首相官邸のホールで行われた歓迎会の晩さん会でスピーチを予定していたブッシュ大統領は、午後8時20分頃、食事中に失神し、宮澤首相の膝に嘔吐した。ファーストレディのバーバラ・ブッシュ夫人はテーブルクロスで夫の顔を覆った。その後、ブッシュ大統領はかかりつけの医師であるバートン・リー博士に「ディナーが終わるまでテーブルの下で寝かせてくれ」と口にし、「晩さん会の参加者には『インフルエンザである』と言ってほしい」と伝えた。大統領の異変に気が付いた会場は沈黙の後騒然とし、同時にホールの外からは警護が駆け付けた。

ブッシュ大統領が予定していたスピーチは、当初ブレント・スコウクロフト大統領補佐官が代読したが、バーバラ夫人が機転を利かせた挨拶を行い参加者を安堵させた。

事件の影響

ニューハンプシャー州予備選挙の数週間前に起こったこの事件は広く報道され、すぐにアメリカ国内のコメディアンにとって格好のネタになった。大統領の嘔吐の映像はABCネットワークで放送された。また、アメリカのバラエティー番組『サタデー・ナイト・ライブによってモキュメンタリーでパロディ化されたほか。アニメ『ザ・シンプソンズ』でも風刺の材料にされた。

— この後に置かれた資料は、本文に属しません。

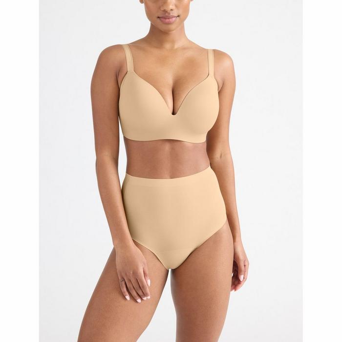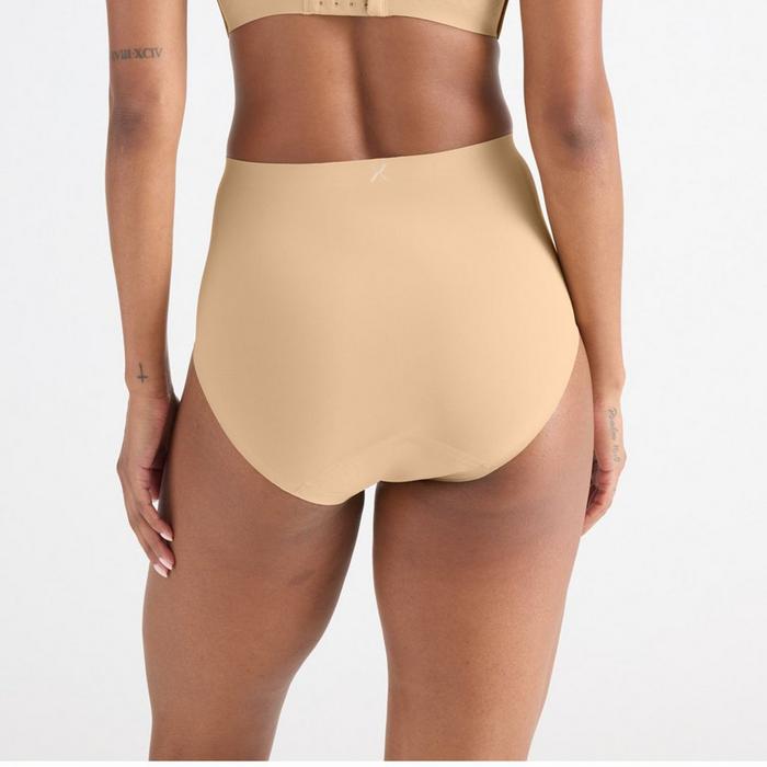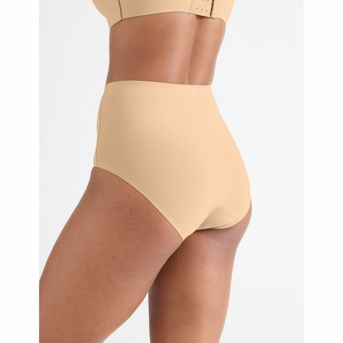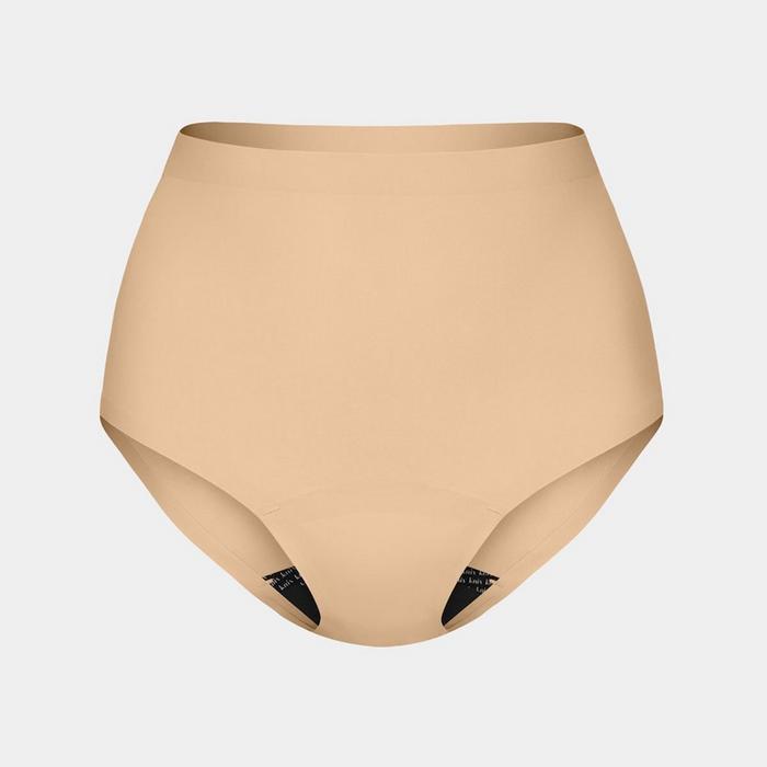 The women's Leakproof UltraThin No-Show High Rise Underwear is a comfortable, full-coverage design from Knix that revolutionizes the way you think about period protection. Soft and stretchy with smooth bonded seams, it features an ultra-thin built-in gusset liner that absorbs approximately the same amount as 2.5 super-sized tampons. This machine-washable period underwear is cut to a higher rise with full stomach, hip and bum coverage, plus a high-cut leg opening for a flattering fit made to conform to your body.

事件の直後、アイダホ州の男性、ジェームズ・エドワード・スミスは、大統領の医師を装ってCNNに電話し、ブッシュ大統領が死んだと主張した。 CNNの従業員は、CNNと姉妹ネットワークのCNN Headline Newsの両方が使用する集中型コンピューターに情報を入力し、CNN Headline Newsは内容の真偽が検証される前にほぼ放送した。その後、スミスはシークレットサービスから質問を受け、検査のために民間の精神保健施設に入院した。

日本では、事件から数年経っても、ブッシュ大統領はこのイベントが原因で国民に記憶されていた。『政治コミュニケーションの百科事典』によると、「この事件は、深夜のテレビでジョークの波を引き起こし、国際社会では嘲笑され、日本では『ブッシュ大統領のことをする(=嘔吐する)』という意味を持つ『ブッシュする』という造語まで生まれた」という。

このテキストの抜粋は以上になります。